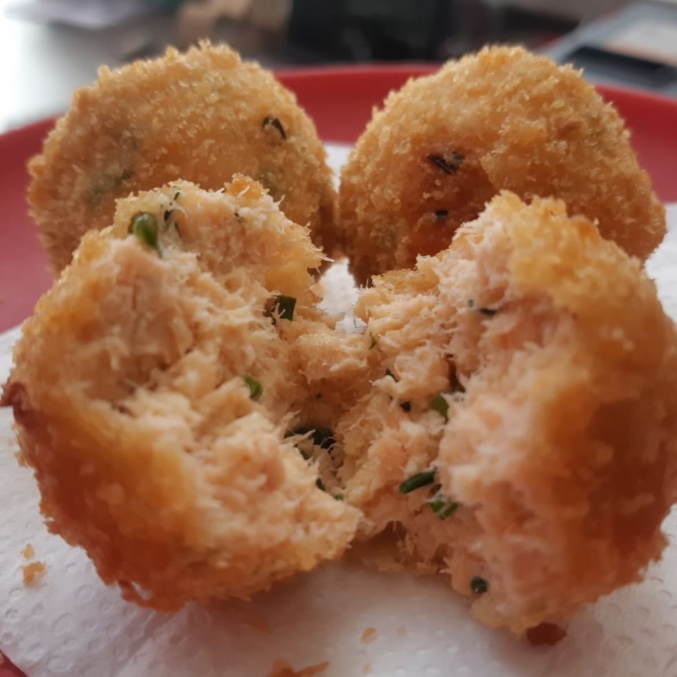 3 Bolinhos De Salmao, 7 Bolinhos De Tilapia,.3 Bolinhos De Frango. Todos Os Bolinhos São: Batido Com Cream E Cebolinha. * Favor Ler A Descrição
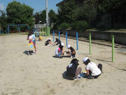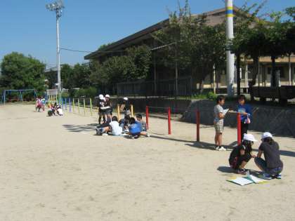 絶好の実験日和でした。子どもたちは,1時間ごとに,方位磁針を持って同じ場所で太陽の動きを観察しました。「時間がかわれば,かげや太陽の向きが変わるのか」という実験をみんな一生懸命調べていました。結果は…影の向きがかわったよ,太陽が動いているからなんだ!!ということに気付いた子どもたちは,とても満足そうでした。
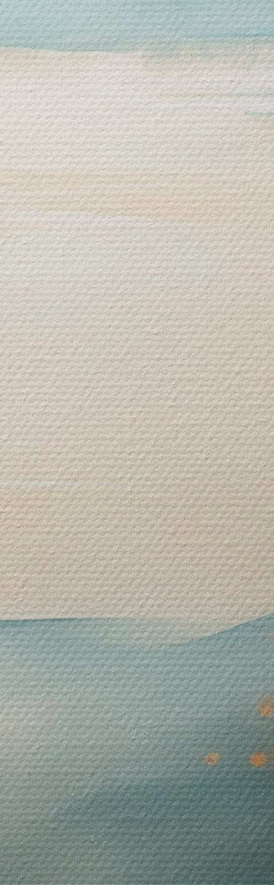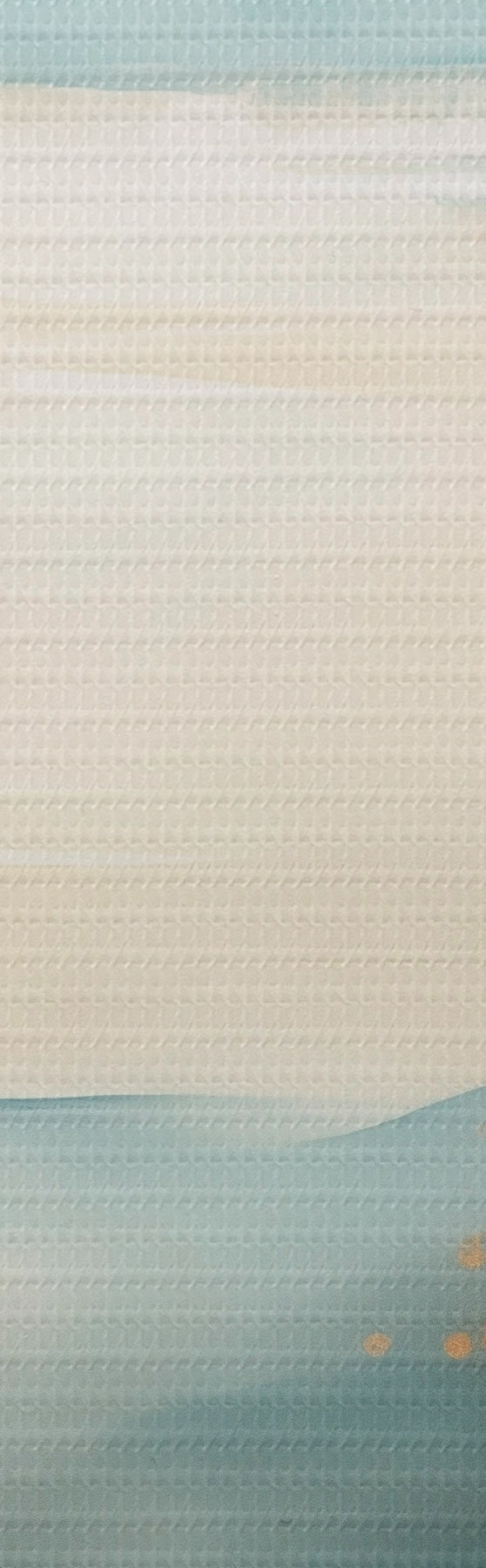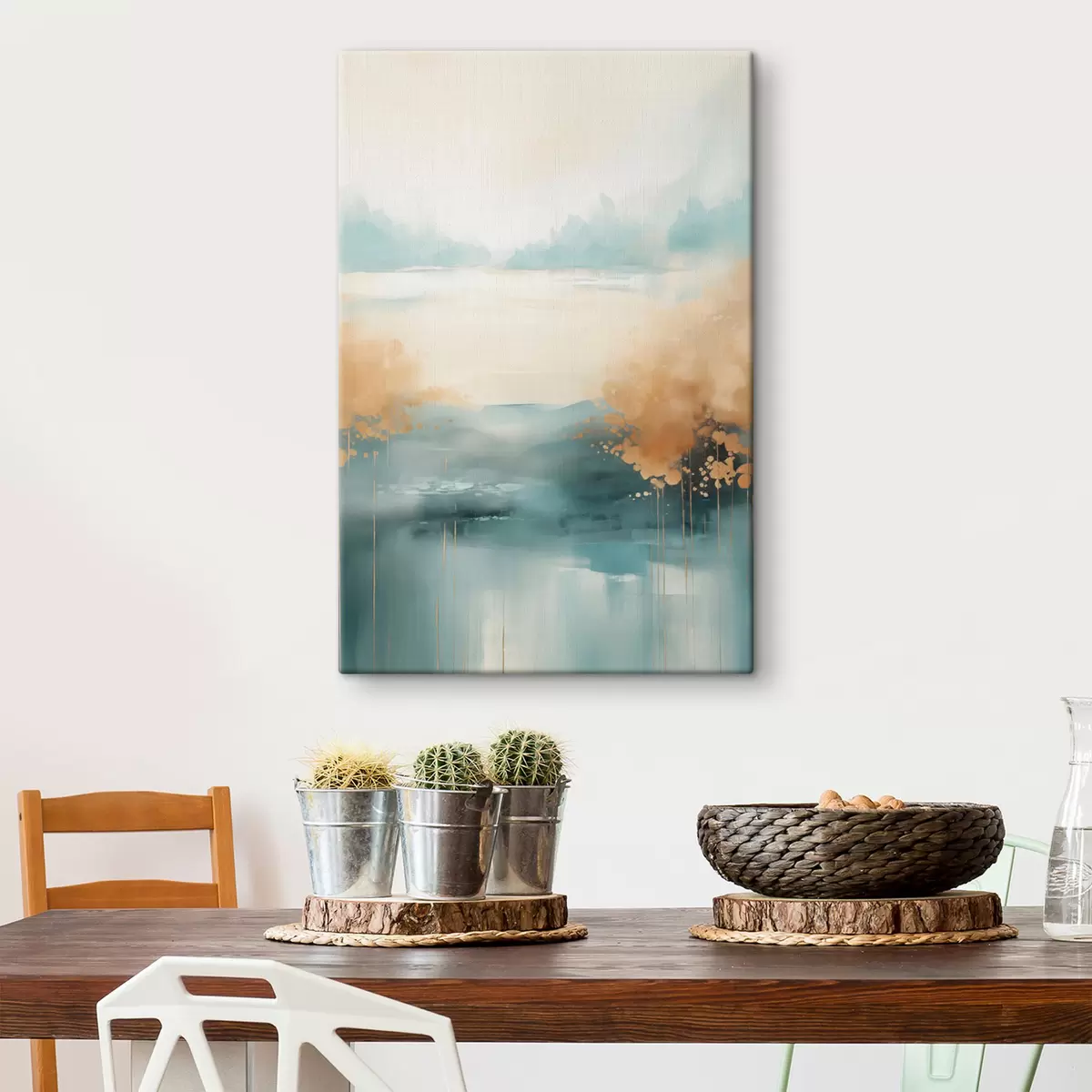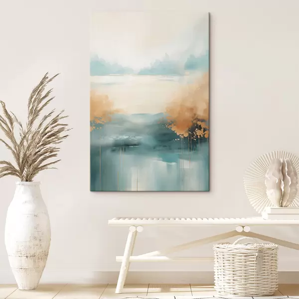 Maalid Abstraktne maastik mägedega ja järvega sinakasrohelises ja tekstuurse kollases toonis, pehmed pintslitõmbed, minimalistlik kunstiteos Nr s46704
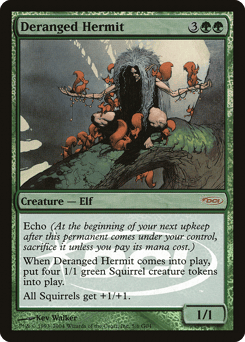 Echo {3}{G}{G} (At the beginning of your upkeep, if this came under your control since the beginning of your last upkeep, sacrifice it unless you pay its echo cost.) When this creature enters, create four 1/1 green Squirrel creature tokens. Squirrel creatures get +1/+1.
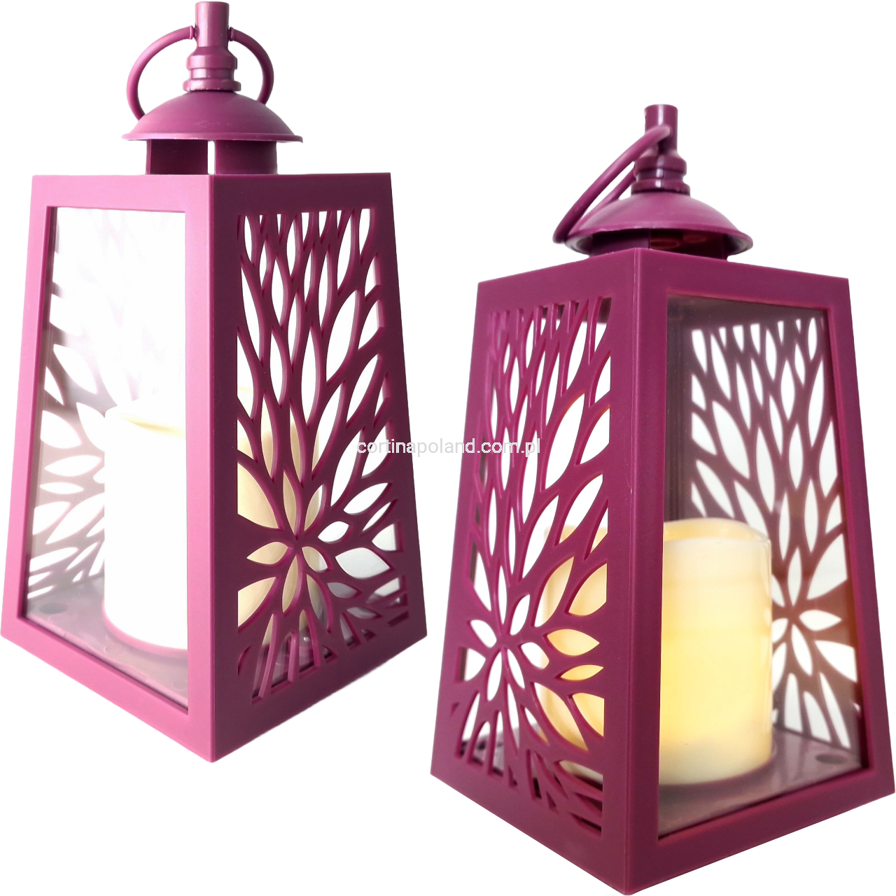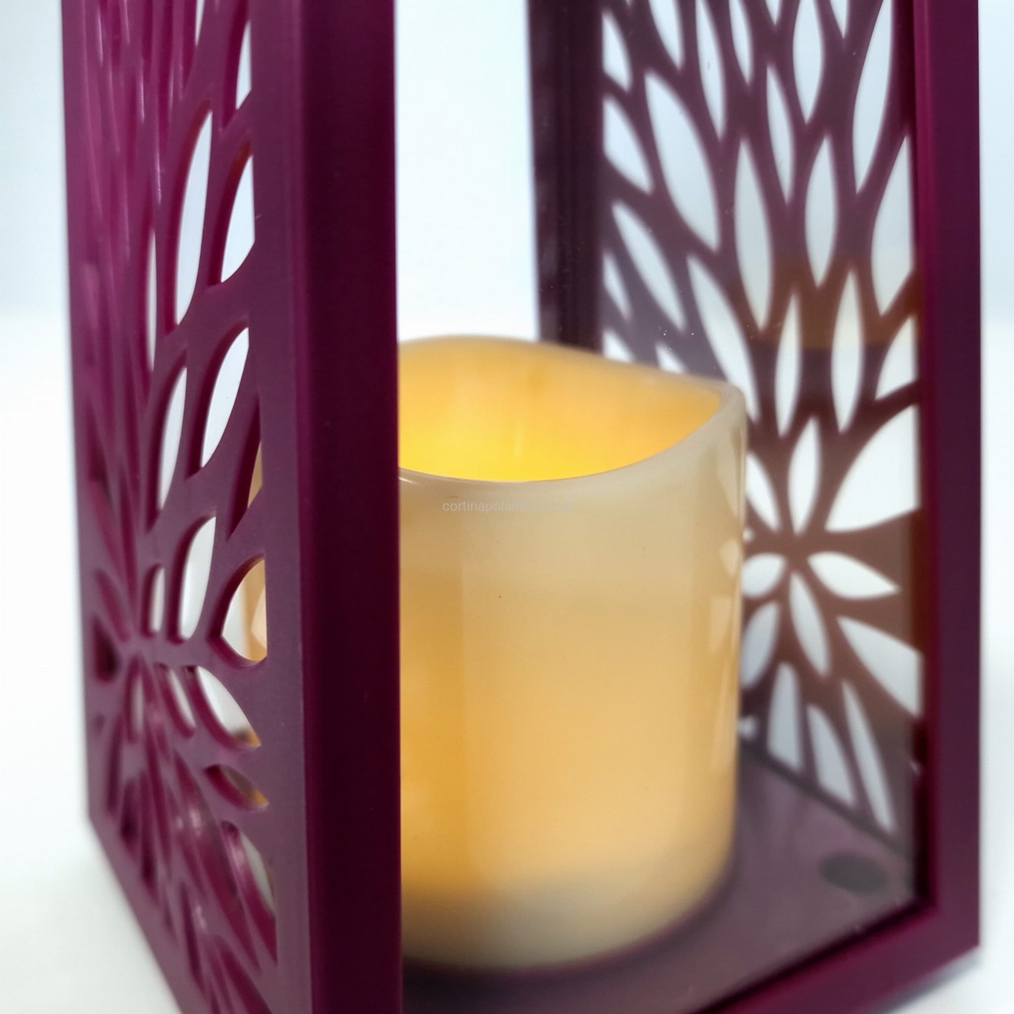 Latarenka ażurowa świeca LED 2 x R6 - purpurowa [12/12]
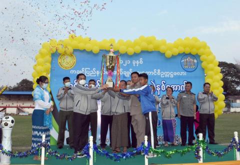 ကချင်ပြည်နယ်စီမံအုပ်ချုပ်ရေးကောင်စီဥက္ကဋ္ဌဖလား ခရိုင်ပေါင်းစုံအသက်(၂၁)အောက် အမျိုးသားဘောလုံးပြိုင်ပွဲ နောက်ဆုံးဗိုလ်လုပွဲနှင့် ဆုချီးမြှင့်ပွဲကျင်းပ…
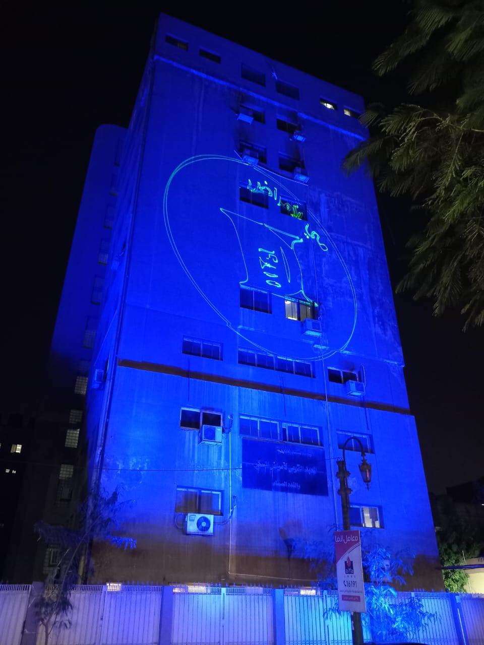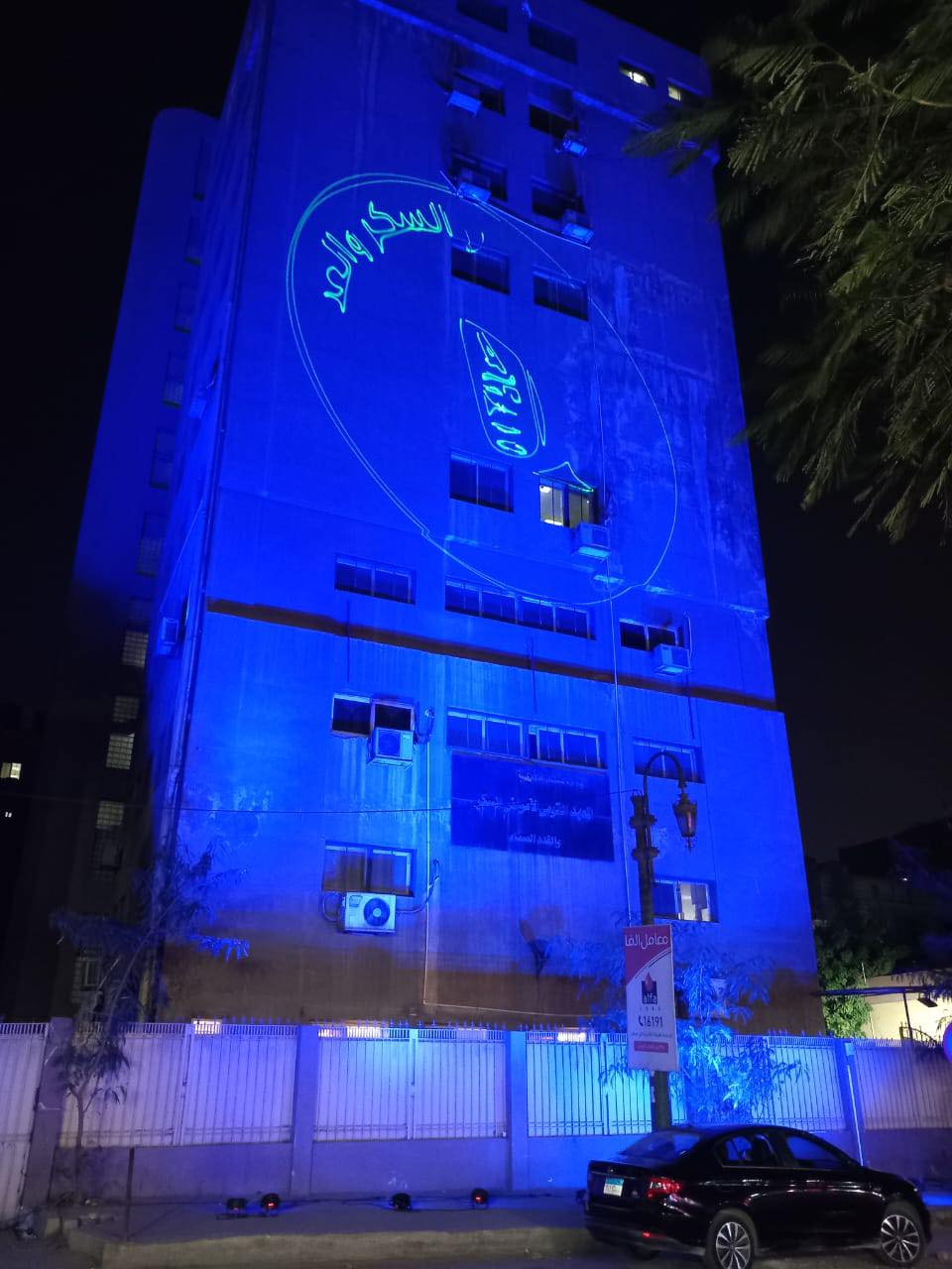 وزارة الصحة تضيء المعهد القومي للسكر باللون الأزرق
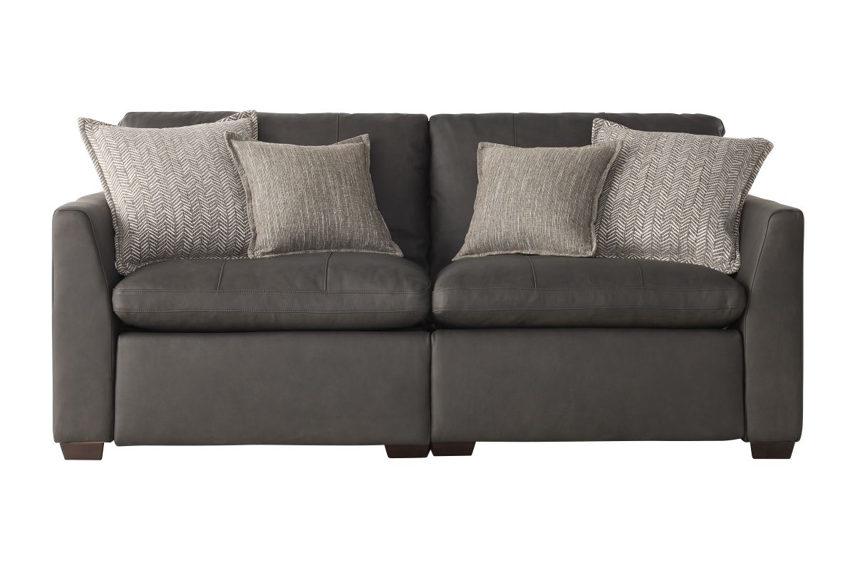 - A modular deep seating power reclining sectional that is wrapped in soft matte finished charcoal leather. The seats cushions are removable for an occasional fluffing. They are filled with high resiliency foam and feather/fiber blend. The back cushions and accent pillows also are feather/fiber blend which envelop you in luxurious comfort. There is a left and right power recliner, armless power recliner, armless chair, corner, chair ½ stand-alone recliner and a castered storage cocktail ottoman. With all of the different configurations available, you can tailor this to fit in many different sized rooms.
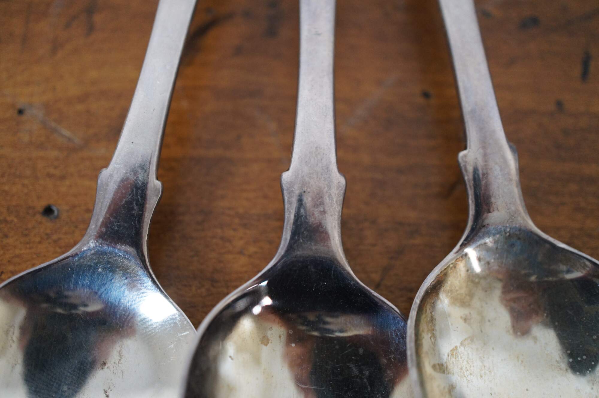 Set of three antique early 19th century sterling silver teaspoons with tipped fiddle shaped handles, engraved with the head of a sea serpent or dragon; made in 1821 by William Bateman I of London.

◆ ◆ ◆

> [PROBLEM TO WORK ON]
The response should hold only an exact retyping of the lines from the beginning of the data through the line containing "Latarenka ażurowa świeca", both ends kept, pictures omitted.

> [PROBLEM SOLUTION]
 3 Bolinhos De Salmao, 7 Bolinhos De Tilapia,.3 Bolinhos De Frango. Todos Os Bolinhos São: Batido Com Cream E Cebolinha. * Favor Ler A Descrição
 絶好の実験日和でした。子どもたちは,1時間ごとに,方位磁針を持って同じ場所で太陽の動きを観察しました。「時間がかわれば,かげや太陽の向きが変わるのか」という実験をみんな一生懸命調べていました。結果は…影の向きがかわったよ,太陽が動いているからなんだ!!ということに気付いた子どもたちは,とても満足そうでした。
 Maalid Abstraktne maastik mägedega ja järvega sinakasrohelises ja tekstuurse kollases toonis, pehmed pintslitõmbed, minimalistlik kunstiteos Nr s46704
 Echo {3}{G}{G} (At the beginning of your upkeep, if this came under your control since the beginning of your last upkeep, sacrifice it unless you pay its echo cost.) When this creature enters, create four 1/1 green Squirrel creature tokens. Squirrel creatures get +1/+1.
 Latarenka ażurowa świeca LED 2 x R6 - purpurowa [12/12]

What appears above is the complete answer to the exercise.